**TASK BRIEF**
A faithful copy of each entry below is expected, with the images removed.

**EXTRACTED ENTRIES**
--------------------

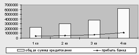 Предполагается, что ставка кредитования в течении года останется неизменной, поэтому мы можем сравнить прогнозируемую прибыль банка и общую сумму кредитования, см.рис.3.6.
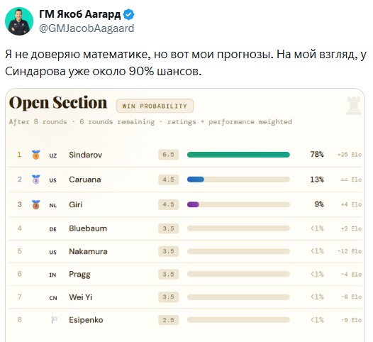 — Последний вопрос. Турнирная таблица женщин постоянно меняется. Эта победа для вас очень хороша, особенно если Анна, возможно, сыграла вничью. Как вы оцениваете свои шансы на победу в женском турнире кандидатов?
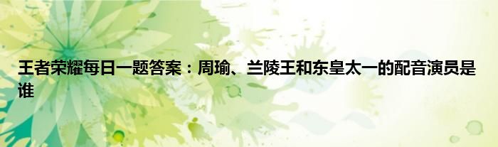 以上就是王者荣耀每日一题答案:周瑜、兰陵王和东皇太一的配音演员是谁的推荐,相信通过王者荣耀每日一题答案:周瑜、兰陵王和东皇太一的配音演员是谁这篇文章能帮到你,也欢迎对游戏很感兴趣小伙伴们一起来探讨。
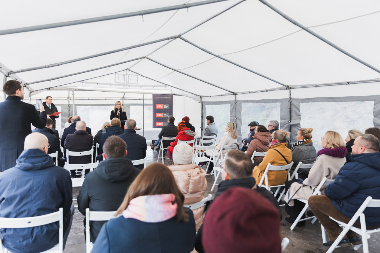 Gdańsk, ul. Ogińskiego. Podpisanie i wmurowanie aktu erekcyjnego pod budowę pięciu budynków: czterech mieszkalnych i jednego na cele społeczne.
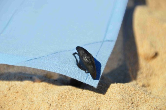 Les vacances en camping-car riment souvent avec séjour à la plage, le temps d’une baignade, d’une sieste ensoleillée ou d’une balade bucolique. Pour en profiter au maximum, la marque Obaba a créé un drap de place qui ne s’envole pas grâce à quatre piquets. Ceux-ci se disposent directement dans des boutonnières renforcées, situées aux quatre coins.

--------------------

**RESPONSE FOR THIS EXERCISE**
 Предполагается, что ставка кредитования в течении года останется неизменной, поэтому мы можем сравнить прогнозируемую прибыль банка и общую сумму кредитования, см.рис.3.6.
 — Последний вопрос. Турнирная таблица женщин постоянно меняется. Эта победа для вас очень хороша, особенно если Анна, возможно, сыграла вничью. Как вы оцениваете свои шансы на победу в женском турнире кандидатов?
 以上就是王者荣耀每日一题答案:周瑜、兰陵王和东皇太一的配音演员是谁的推荐,相信通过王者荣耀每日一题答案:周瑜、兰陵王和东皇太一的配音演员是谁这篇文章能帮到你,也欢迎对游戏很感兴趣小伙伴们一起来探讨。
 Gdańsk, ul. Ogińskiego. Podpisanie i wmurowanie aktu erekcyjnego pod budowę pięciu budynków: czterech mieszkalnych i jednego na cele społeczne.
 Les vacances en camping-car riment souvent avec séjour à la plage, le temps d’une baignade, d’une sieste ensoleillée ou d’une balade bucolique. Pour en profiter au maximum, la marque Obaba a créé un drap de place qui ne s’envole pas grâce à quatre piquets. Ceux-ci se disposent directement dans des boutonnières renforcées, situées aux quatre coins.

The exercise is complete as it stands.